Exporting assets from Adobe XD, right into After Effects for animation, while retaining the layer stack
Anyone who had dabbled with After Effects knows that this can normally be troublesome and only really easy if you use Adobe Illustrator. Well, before Adobe XD existed.
Most of these workflows can be mimicked, though I have not found a good solution for a Lightroom replacement and no quick Figma to animation software workflow. If you happen to know of good alternatives, I would love to know. I am not planning on building a Windows PC editing rig, as I am a minimalist and like having small, multi-purposed setups. But if it's Mac and you think it checks my boxes, drop a comment or reply to this letter.

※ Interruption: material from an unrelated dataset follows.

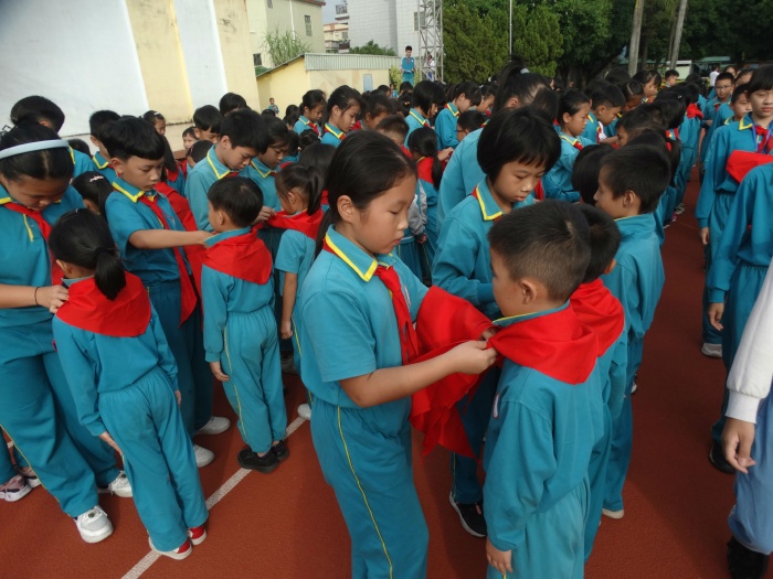 10月23日下午,伴隨著嘹亮的出旗曲,少先隊員和護旗手們邁著整齊的步伐出場,莊嚴的入隊儀式由此開始。紅領巾代表紅旗的一角,是革命先烈的鮮血染成的。佩戴上鮮艷的紅領巾,是光榮,也是一種責任。隨后,《紅領巾相約中國夢》的樂曲響起來了,老隊員代表們為新隊員佩戴紅領巾,在鮮艷隊旗的引領下,在星星火炬的照耀下,新隊員們將帶著美麗的夢想揚帆啟航!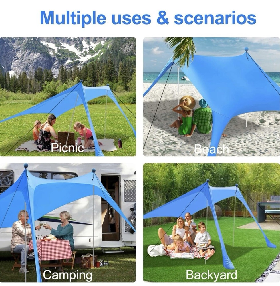 7.5x7.5 FT Beach Canopy Pop-Up Tent with UPF 50+ Sun Shelter

Lastly, Adobe Premiere recently launched caption transcriptions, right in Premiere Pro. This has been amazing to work with. They have really streamlined the process, not requiring a filmmaker to use a third-party service to do so. Since I have been focusing on making accessible films this has been key to my workflow recently.
I wrote all about my feelings about accessible video a few weeks ago. If you'd rather get right to the template, see the button below.
As you can tell, I really like both FCPX and Premiere Pro. I am not biased toward one or the other. What I am looking for is something that is as fast as I can edit.
Funnily enough, Adobe has this quote as marketing material for Adobe XD's original launch:
Design at the speed of thought
While I think Adobe XD does accomplish that task, the rest of their tools, specifically Premiere and After Effects don't quite live up to that mantra.